Named list of unstructured objects.

Methods

Inherited methods


Method new()

Create a new SOMA. The existing array group is opened at the specified array uri if one is present, otherwise a new array group is created.

Usage

SOMA$new(uri, verbose = TRUE, config = NULL, ctx = NULL)

Arguments

uri

URI of the TileDB group

verbose

Print status messages

config

optional configuration

ctx

optional tiledb context


Method set_query()

Set query parameters to slice by dimension values or filter by attribute values.

Usage

SOMA$set_query(
  obs_ids = NULL,
  var_ids = NULL,
  obs_attr_filter = NULL,
  var_attr_filter = NULL
)

Arguments

obs_ids, var_ids

character vector containing observation- or variable-identifiers.

obs_attr_filter, var_attr_filter

a TileDB query condition for attribute filtering pushdown.

Details

A SOMA can be filtered in two ways:

  1. dimension slicing: vectors of cell- or feature-identifiers passed to obs_ids and/or var_ids, respectively, which are applied to the selected ranges of member arrays with the appropriate dimension(s).

  2. attribute filtering: logical expressions that reference attributes within the obs and var arrays are applied to each array's query condition.

Dimension slicing is applied whenever an array member is accessed, causing only data for the specified identifiers to be read into memory.

Attribute filters are applied immediately to obs and/or var and the identifiers that pass the specified conditions are applied to the selected ranges of member arrays with the appropriate dimension(s).

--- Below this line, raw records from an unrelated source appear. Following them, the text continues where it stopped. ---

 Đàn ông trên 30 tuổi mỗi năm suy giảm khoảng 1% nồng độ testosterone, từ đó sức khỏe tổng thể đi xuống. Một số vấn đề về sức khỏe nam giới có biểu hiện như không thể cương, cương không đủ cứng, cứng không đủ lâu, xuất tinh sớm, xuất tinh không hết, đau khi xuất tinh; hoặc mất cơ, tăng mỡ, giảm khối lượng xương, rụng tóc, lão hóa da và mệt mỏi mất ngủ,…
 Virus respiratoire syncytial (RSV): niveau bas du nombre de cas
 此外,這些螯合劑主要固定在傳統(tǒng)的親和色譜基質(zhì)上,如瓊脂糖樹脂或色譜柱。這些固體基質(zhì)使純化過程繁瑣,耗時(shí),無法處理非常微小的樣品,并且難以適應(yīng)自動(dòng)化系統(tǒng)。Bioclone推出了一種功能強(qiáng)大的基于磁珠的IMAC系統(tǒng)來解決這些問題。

Filters are applied automatically to all members of a SOMA with the exception of uns


Method reset_query()

Reset query dimensions and attribute filters.

Usage

SOMA$reset_query()

Returns

NULL


Method from_seurat_assay()

Convert a Seurat Assay to a TileDB-backed sc_group.

Usage

SOMA$from_seurat_assay(
  object,
  obs = NULL,
  var = TRUE,
  layers = c("counts", "data", "scale.data")
)

Arguments

object

A SeuratObject::Assay object

obs

An optional data.frame containing annotations for cell/sample-level observations. If no annotations are provided and the obs array doesn't yet exist, an array with 0 attributes is created.

var

Should the Assay's' feature-level annotations be ingested into the var array? If FALSE and the var array does not yet exist then var is created as an array with 0 attributes.

layers

A vector of assay layer names to ingest. Must be some combination of "counts", "data", "scale.data".

Details

Assay data

The SeuratObject::Assay class stores different transformations of an assay in the counts, data, and scale.data slots. Data from each of these slots is ingested into a separate layer of the X group, named for the corresponding slot.

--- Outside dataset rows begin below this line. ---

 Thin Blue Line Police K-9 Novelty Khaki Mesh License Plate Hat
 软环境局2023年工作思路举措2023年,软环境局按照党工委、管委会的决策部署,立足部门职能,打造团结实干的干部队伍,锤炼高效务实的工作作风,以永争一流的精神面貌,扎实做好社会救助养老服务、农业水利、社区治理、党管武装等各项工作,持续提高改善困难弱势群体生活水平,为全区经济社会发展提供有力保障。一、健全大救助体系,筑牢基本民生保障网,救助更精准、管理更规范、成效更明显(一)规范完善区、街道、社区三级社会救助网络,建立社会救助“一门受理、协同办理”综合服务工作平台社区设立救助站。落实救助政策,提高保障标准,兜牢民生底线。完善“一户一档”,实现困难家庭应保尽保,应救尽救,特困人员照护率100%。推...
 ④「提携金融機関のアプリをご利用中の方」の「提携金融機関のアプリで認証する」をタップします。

By default Seurat populates the data slot with a reference to the same data stored in counts. To avoid ingesting redundant data, we check to see if counts and data are identical and skip the data slot if they are.

Annotations

Cell- and feature-level annotations are stored in the obs and var arrays, respectively. These arrays are always created during the initial ingestion in order to maintain the full set of cell and feature identifiers in the array dimension.

Variable features

Variable features in the var.features slot are maintained by creating a highly_variable attribute in var that records 1 or 0 for each feature indicating whether it was a variable feature or not.

Metadata
  • key (optional): Contains value of the the Seurat Assay's key slot if it is set.


Method to_seurat_assay()

Convert to a SeuratObject::Assay object.

Usage

SOMA$to_seurat_assay(
  layers = c("counts", "data", "scale.data"),
  min_cells = 0,
  min_features = 0,
  check_matrix = FALSE,
  batch_mode = FALSE,
  ...
)

Arguments

layers

A vector of assay layer names to retrieve. Must match one or more of the available X AssayMatrix layers.

min_cells

Include features detected in at least this many cells. Will subset the counts matrix as well. To reintroduce excluded features, create a new object with a lower cutoff.

min_features

Include cells where at least this many features are detected.

check_matrix

Check counts matrix for NA, NaN, Inf, and non-integer values

batch_mode

logical, if TRUE, batch query mode is enabled for retrieving X layers. See AssayMatrix$to_dataframe() for more information.

...

Arguments passed to SeuratObject::as.sparse


Method add_seurat_dimreduction()

Convert a SeuratObject::DimReduc object

Usage

SOMA$add_seurat_dimreduction(object, technique = NULL, metadata = NULL)

Arguments

object

A SeuratObject::DimReduc object

technique

Name of the dimensional reduction technique. By default, the key slot is used to determine the technique.

metadata

Named list of metadata to add.

Details

On-Disk Format

Seurat DimReduc objects contain a variety of slots to accommodate the various types of results produced by each of the supported dimensional reduction techniques. Each slot is stored as an AnnotationMatrix object in the obsm or varm slot group for the assay, depending whether the data is observation- or variable-aligned. The individual arrays are named dimreduction_<technique>.

Metadata
  • dimreduction_technique: Name of the dimensional reduction technique used.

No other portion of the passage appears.